From time to time we receive complaints after rejection notices go out. Now and then the Program Chair must answer huffy letters in high dudgeon accusing the committee’s members of possessing no knowledge of this or that topic, of discriminating against this or that national group, and the like. The Program Committee goes to great lengths to ensure that the program represents different historical time periods (medieval, early modern, modern, etc.), topics (gender, economic history, labor history, etc.), and nationalities (US, Canadian, European, etc.). But, true enough, as a committee of three individuals we can never hope to master all possible topics or all possible languages in which the members of SHOT choose to work. It is also true that we sometimes reject perfectly good abstracts that propose topics outside the bounds of SHOT (to cite a recent example, an internal history of mathematical ideas).
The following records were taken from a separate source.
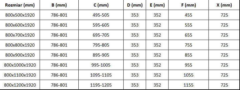 Taille : 80x80 cm (porte 80 cm, paroi 80 cm)
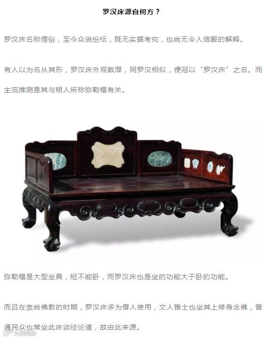 另有人说 “罗汉床”是明清宫廷“宝座”的前身,小的称为榻,如现代的“沙发”。
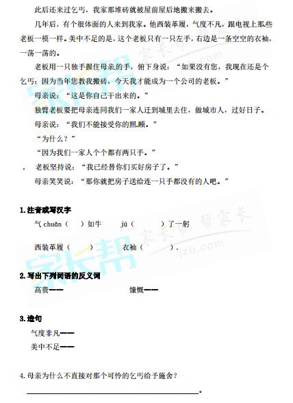 2018苏州六年级阅读理解训练试卷(2)(2)
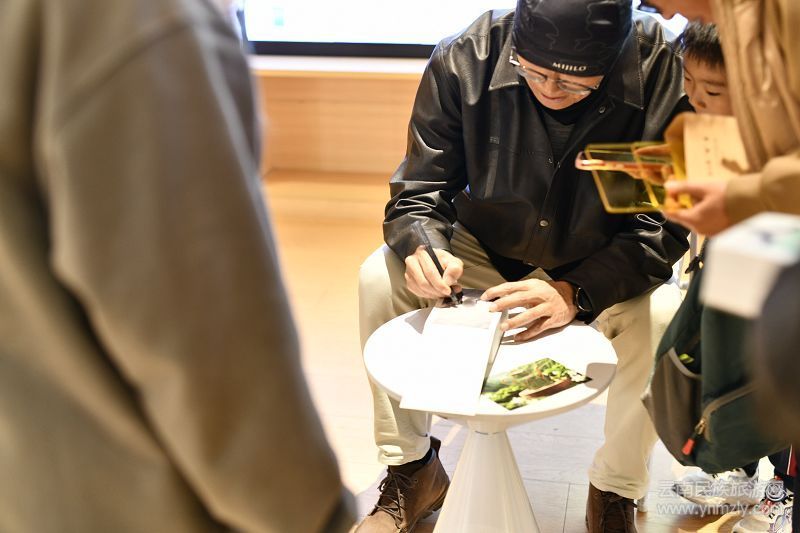 分享會(huì)結(jié)束后,湯海濤留在現(xiàn)場(chǎng),為讀者簽名、合影。隊(duì)伍中,有年輕的藝術(shù)學(xué)生,有帶孩子前來(lái)感受藝術(shù)氛圍的家長(zhǎng),也有專程從外地趕來(lái)的投稿人。有人請(qǐng)他寫下寄語(yǔ),有人靜靜站在一旁,翻閱日歷中屬于自己或陌生人的那一頁(yè)。
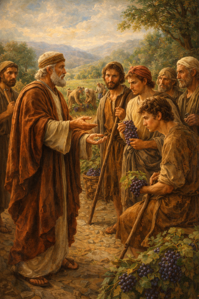 Un homme planta une vigne, la loua à des vignerons, et partit dans un autre pays. À la saison des fruits, il envoya un serviteur pour en recevoir sa part. Les vignerons le battirent et le renvoyèrent les mains vides. Le maître envoya plusieurs serviteurs, mais ils furent maltraités, tués ou chassés. Enfin, il envoya son fils, pensant qu’il serait respecté ; mais les vignerons tuèrent aussi le fils.
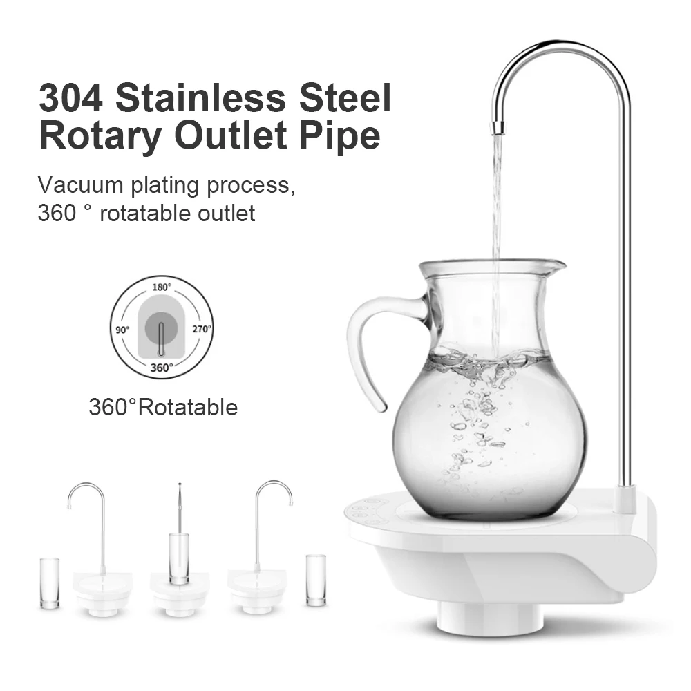 Высокая совместимость: Этот Электрический диспенсер для воды подходит для большого разнообразия питьевой воды в бутылках, совместим с 4.5L/7.5L/10L/11.3L/18.9L бутылки для воды.
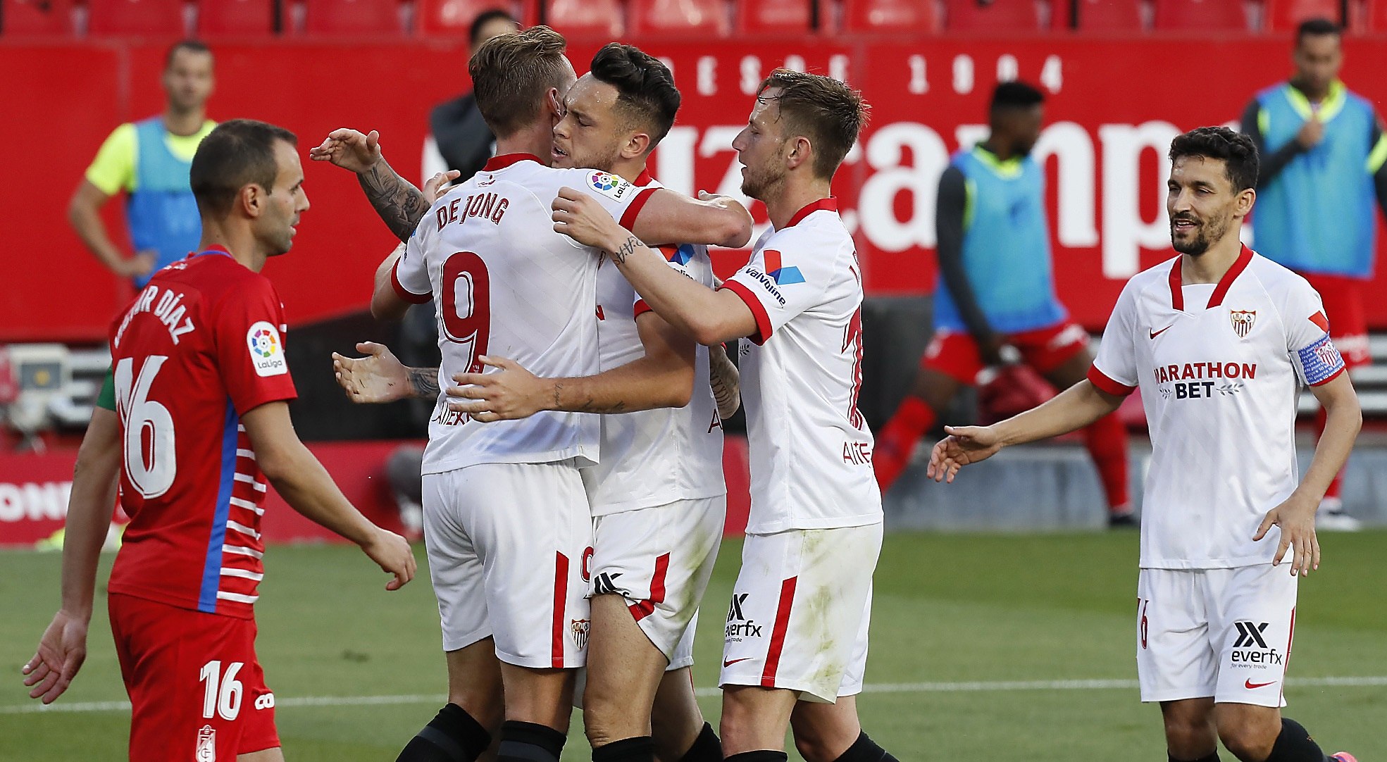 El Sevilla, cuarto con 70 puntos, sigue en la pelea por el título tras vencer este domingo 2-1 al Granada (8).

In some few cases, we believe that individual papers might even make excellent contributions to a different conference, just not SHOT. But such cases are, in fact, very rare, usually no more than one or two abstracts each year. In no case in recent memory have such rejections ever sparked a heated letter of complaint. The vast majority of rejections occur because the authors have made no argument at all for the potential relevance of their proposals to SHOT’s membership.

In fact the committee is predisposed to accept any abstract that advances a plausible case for its relevance to known works in the history of technology; likewise we always accept those that advance a case for the relevance of the history of technology to any other known literature. We even do so whether or not we necessarily know the merits of the particular books and articles in question. If we were to receive an abstract from a Byelorussian or a native of the Chatham Islands claiming to contribute to a debate among his or her compatriots about the history of technology, we would jump at the chance to include it, if for no other reason than to redress the ignorance among SHOT members about such underexplored subjects. One last piece of every “perfect” abstract also bears mention. The very best abstracts, those that always garner our unanimous acceptance, not only state their topic clearly in the first few sentences, not only pass from there into a paragraph about the relevance of this topic to known interests within SHOT, they also end by stating what methods and what body of research the author has used to tackle the topic in question. Sometimes abstracts go so far as to intimate the author’s conclusions, but it usually suffices to know that the author is onto something interesting and relevant and has thought seriously about how to go about his or her task. This last bit is usually covered in two or three sentences.

As matters stand, we have a notable rejection rate for paper and panel submissions – fine evidence of a healthy society engaged in substantive inquiry and debate over issues that matter. These guidelines will have little effect on the overall rejection rate, a proportion arising from the quantity of submissions against the basic time and space constraints of a meeting. Rather, in offering these guidelines we aim to uncloak the mysteries that apparently have left many in the dark. All any graduate student need do is start off with a “hook,” stating his or her topic in no more than a paragraph; then develop an additional paragraph that outlines the historiographic relevance to SHOT; and, last, close with a brief statement of what he or she is going to do about it and how. Should students and scholars that make up SHOT all begin to do this, the work will become significantly harder for the Program Committee, but the payoffs for panelists, audiences, and SHOT at large will certainly reward that effort.